Please see the four datasets in data/ with detailed instructions.

General Instructions

Configuration environment
Prepare datasets for K-fold cross-validation following the designated JSON format as shown in the section of data preparation.
Execute the model with corresponding hyperparameters and experimental settings.
Done!

Configuration environment

Pytorch-geometric official documentation "installation"

We strongly recommend using Pytorch-geometric official "docker image"

You can also use official GAT of Dense version in gat_layers.py without PyG, you just need to change the GAT module in model.py and "edge_index" to "adj" in train.py, but dense version has limitation gat_nheads pf enzyme, because of GPU memory.

Data Preparation

Data Description

The four dataset are available in 'data/'

The preprocess file is processdata.py. A directory preporcess/ will be generated ,which contains preprocess adjacent matrix and train/val interaction index.

Data Format

Original Data

A npz file that contains protein vectors, drug fingerprints and interaction labels

Crossvalidation data

files:
  "pssm_arr": a protein vector with 220 length,
  "drug_arr": a drug fingerprint with 881 length,
  "int_ids": [p_id, d_id, 0 or 1], interaction label
  "folds": 5 folds crossvalication, decided with fold they belong to

"pssm_arr" is the protein vector generated by PsePSSM.
"drug_arr" is the drug fingerprint.
"int_ids" maps to the label for this instance, either 0 or 1.
"folds" maps instance to the fold.

Train and Val data

files:
  "pssm_arr": a protein vector with 220 length,
  "drug_arr": a drug fingerprint with 881 length,
  "int_ids": [p_id, d_id, 0 or 1], interaction label
  "train_ids": train sample index of int_ids
  "val_ids": val sample index of int_ids

"pssm_arr" is the protein vector generated by PsePSSM.
"drug_arr" is the drug fingerprint.
"int_ids" maps to the label for this instance, either 0 or 1.
"train_ids" maps train instance to the int_ids.
"val_ids" maps val instance to the int_ids.

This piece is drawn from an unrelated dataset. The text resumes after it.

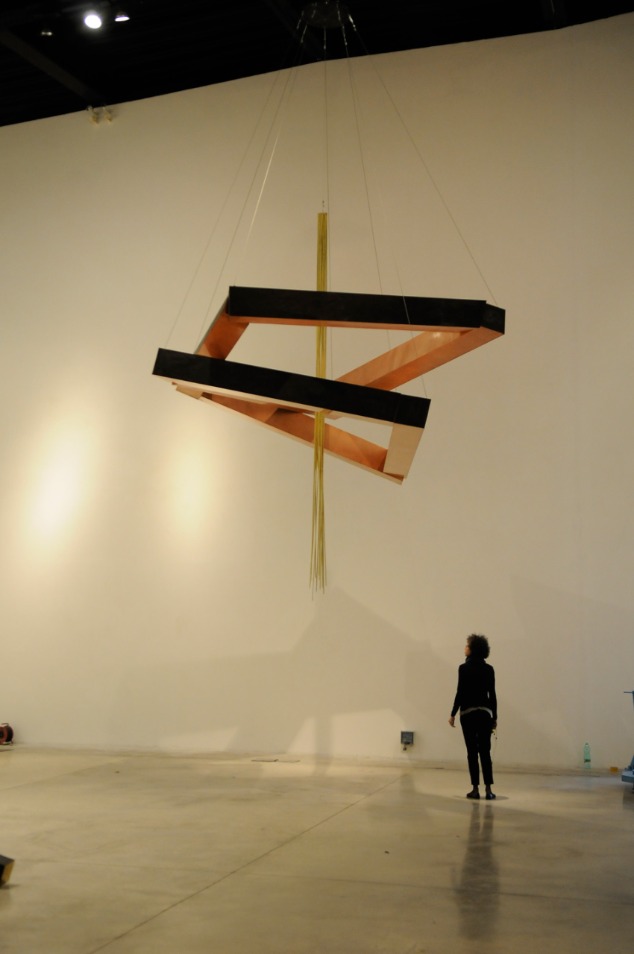 Az építészet és a szobrászat határán billegő, geometrikus absztrakcióba hajló installációk sajátos térélményt hoznak létre. A fizikai erőkkel operáló munkák közös jellegzetessége a precizitás, az éles formák alkalmazása és egyfajta szikár, de nem nyomasztó monumentalitás. A művek erő- és türelem-játékok, amelyek egy-egy lehetséges egyensúlyi helyzetet mutatnak be.[iii] Ezek az egyensúly-állapotok azonban törékenyek és időlegesek. A művek egy csoportját az anti-gravitációs installációk alkotják, amelyek a földi nehézkedést legyőzve a térben lebegni látszanak. Ide tartozik a Yugao-Jole, az Iride, valamint az Aquila.

####Preprocess data A json file that contains transform adjacent matrix, DTI interaction Mat and train/val index.

keys:
  "adj": transform adjacent matrix,
  "dti_inter": a mat contain either 0 or 1，
  "train_interact_pos": [p_id, d_id]
  "test_interact_pos": [p_id, d_id], the test index of dti_interact_mat

"adj" is transform adjacent matrix with shape [node_number, node_number]
"dti_inter" is a mat contain either 0 or 1 with shape [protein_number, drug_number]
"train_interact_pos" [p_id, d_id] the train index of dti_interact_mat
"val_interact_pos" [p_id, d_id] the val index of dti_interact_mat

Generation Script

If you use docker (recommend):

$ nvidia-docker run -it --user $(id -u):$(id -g) --name='DTI' -v ${pwd}:/app/ ${image_name}

${pwd} can be replaced by current path, ${image name} can be replace by pytorch geometric image name, such as py_geometric.

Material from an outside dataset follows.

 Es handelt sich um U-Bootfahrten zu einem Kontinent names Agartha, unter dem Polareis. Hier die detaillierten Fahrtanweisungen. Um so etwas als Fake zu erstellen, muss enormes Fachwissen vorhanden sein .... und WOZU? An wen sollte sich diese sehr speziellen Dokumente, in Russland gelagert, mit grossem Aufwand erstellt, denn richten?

For the convinience, the script processdata.py can be utilized to generate the preprocess data from original data. The following command is an example

$ python ./processdata.py --dataset enzyme --crossval 1 --start_epoch 0 --end_epoch 2000 --common_neighbor 3 --adj_norm True --data_root ./data

crossval decide if use crossvalidation, if crossval == 1, generate 5 fold, else 1.

Training, Testing, and Evaluation

Hyper-parameters and experimental setttings through command line options.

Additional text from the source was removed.